In this walkthrough, you will:

+ Create an "earth_at_night" search index
+ Load it with documents from a GitHub URL
+ Create a knowledge agent on Azure AI Search that points to an LLM for intelligent query planning
+ Create a Foundry agent in Azure AI Foundry to determine when queries are needed
+ Create a Azure AI Agent tool (client) to orchestrate all requests
+ Start a chat with the agent

This notebook is referenced in [Build an agentic retrieval pipeline in Azure AI Search](https://learn.microsoft.com/azure/search/search-agentic-retrieval-how-to-pipeline).

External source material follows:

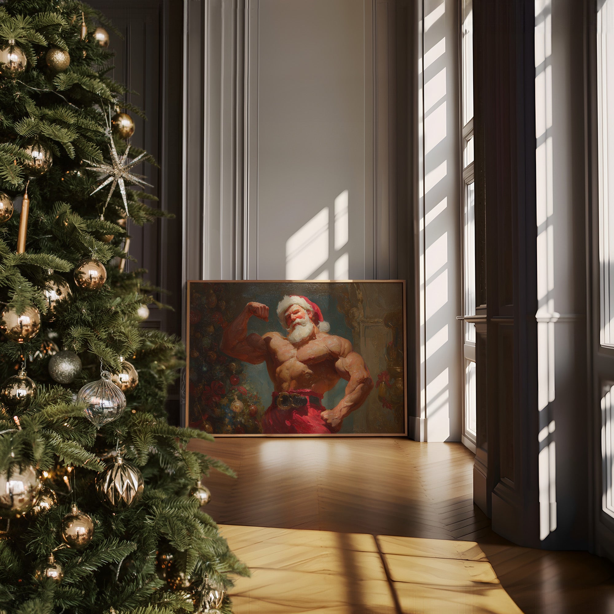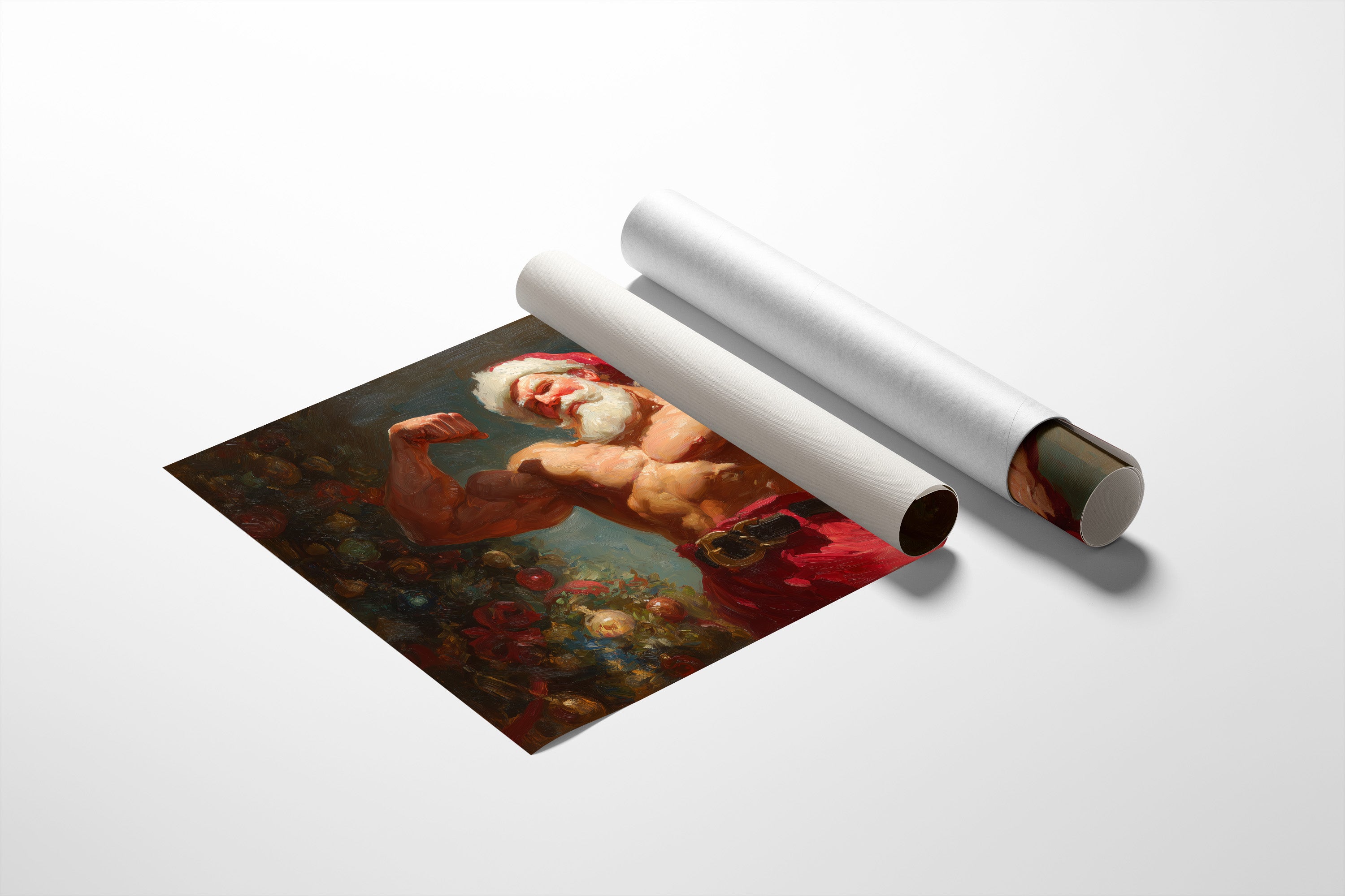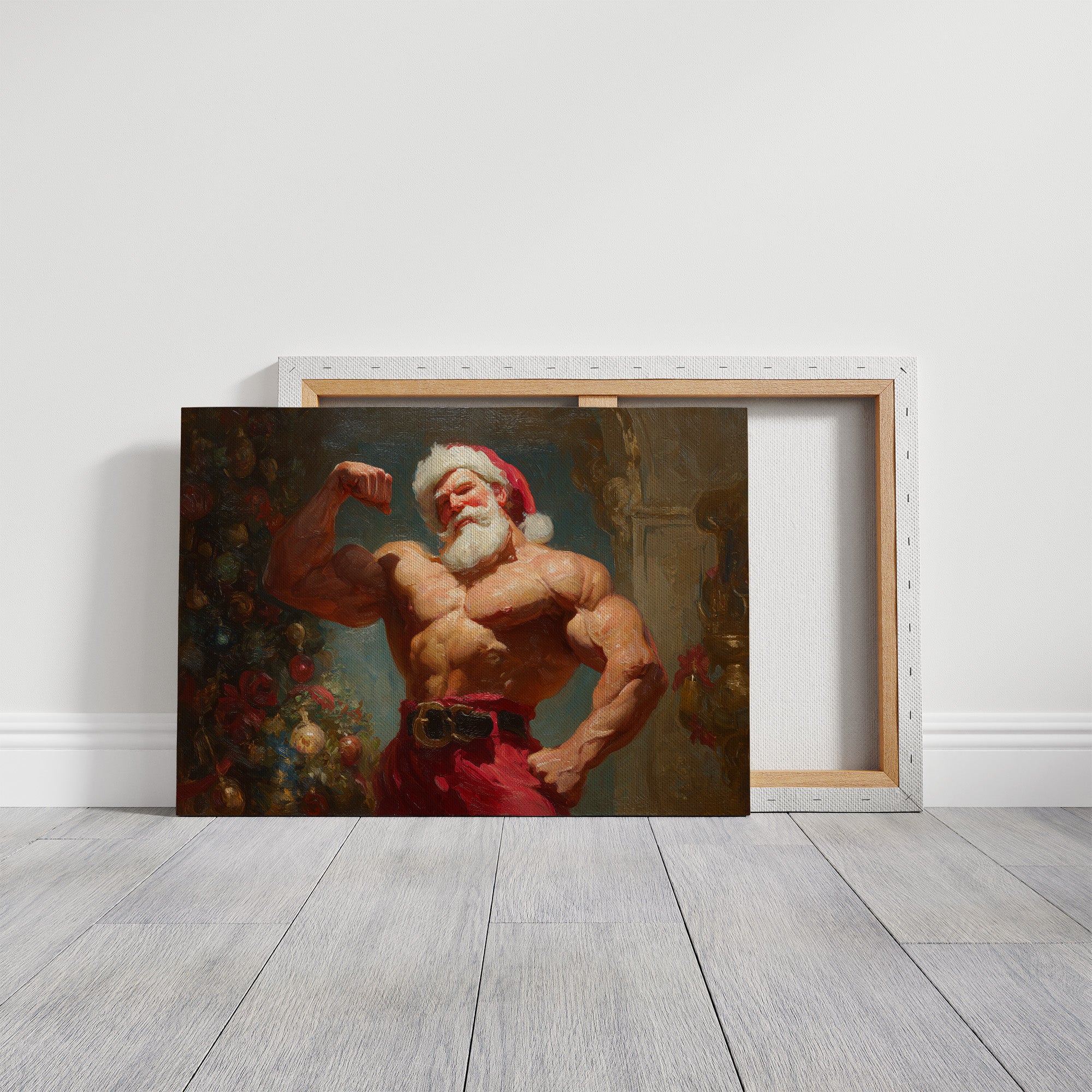 Strength meets whimsy in this unexpected holiday portrait, where traditional festive charm collides with raw power. Rich oils capture the interplay of warm flesh tones against deep emerald shadows, while crimson accents echo through both figure and background. The composition balances classical painting techniques with a contemporary twist, creating a playful yet masterful celebration of strength and seasonal spirit. This statement piece demands attention in a modern home office or adds an element of surprise to traditional holiday decor.

This exercise differs from the [Agentic Retrieval Quickstart](https://learn.microsoft.com/azure/search/search-get-started-agentic-retrieval) in how it uses Azure AI Agent to determine whether to retrieve data from the index, and how it uses an agent tool for orchestration.

## Prerequisites

+ Azure AI Search, basic tier or higher, in any region that supports semantic ranker.

+ Azure OpenAI, and you should have an **Azure AI Developer** role assignment to create a Foundry project.

+ An [Azure AI agent and Foundry project](https://learn.microsoft.com/azure/ai-services/agents/quickstart?pivots=ai-foundry-portal), created in the Azure AI Foundry portal, with the basic setup, used for creating the Foundry agent.

+ A deployment of a [supported model](https://learn.microsoft.com/azure/search/search-agentic-retrieval-how-to-create#supported-models) in your Foundry project. This notebook uses gpt-4o-mini. We recommend 100,000 token capacity. You can find capacity and the rate limit in the model deployments list in the Azure AI Foundry portal.

We recommend creating a virtual environment to run this sample code. In Visual Studio Code, open the control palette (ctrl-shift-p) to create an environment. This notebook was tested on Python 3.10.

## Set up connections

Save the `sample.env` file as `.env` and then modify the environment variables to use your Azure endpoints. You need endpoints for:

+ Azure AI Search
+ Azure OpenAI
+ Azure AI Foundry project

You can find endpoints for Azure AI Search and Azure OpenAI in the [Azure portal](https://portal.azure.com).

You can find the project endpoint in the Azure AI Foundry portal:

1. Sign in to the [Azure AI Foundry portal](https://ai.azure.com) and open your project. 

1. In the **Overview** tile, find and copy the **Azure AI Foundry project endpoint**. 

   A hypothetical endpoint might look like this: `https://your-foundry-resource.services.ai.azure.com/api/projects/your-foundry-project`

## Load Connections

Load the environment variables to set up connections and object names.

In [None]:
from dotenv import load_dotenv
from azure.identity import DefaultAzureCredential, get_bearer_token_provider
import os

load_dotenv(override=True) # take environment variables from .env.

# The following variables from your .env file are used in this notebook
project_endpoint = os.environ["PROJECT_ENDPOINT"]
agent_model = os.getenv("AGENT_MODEL", "gpt-4.1-mini")
endpoint = os.environ["AZURE_SEARCH_ENDPOINT"]
credential = DefaultAzureCredential()
token_provider = get_bearer_token_provider(credential, "https://search.azure.com/.default")
index_name = os.getenv("AZURE_SEARCH_INDEX", "earth_at_night")
azure_openai_endpoint = os.environ["AZURE_OPENAI_ENDPOINT"]
azure_openai_gpt_deployment = os.getenv("AZURE_OPENAI_GPT_DEPLOYMENT", "gpt-4.1-mini")
azure_openai_gpt_model = os.getenv("AZURE_OPENAI_GPT_MODEL", "gpt-4.1-mini")
azure_openai_embedding_deployment = os.getenv("AZURE_OPENAI_EMBEDDING_DEPLOYMENT", "text-embedding-3-large")
azure_openai_embedding_model = os.getenv("AZURE_OPENAI_EMBEDDING_MODEL", "text-embedding-3-large")
agent_name = os.getenv("AZURE_SEARCH_AGENT_NAME", "earth-search-agent")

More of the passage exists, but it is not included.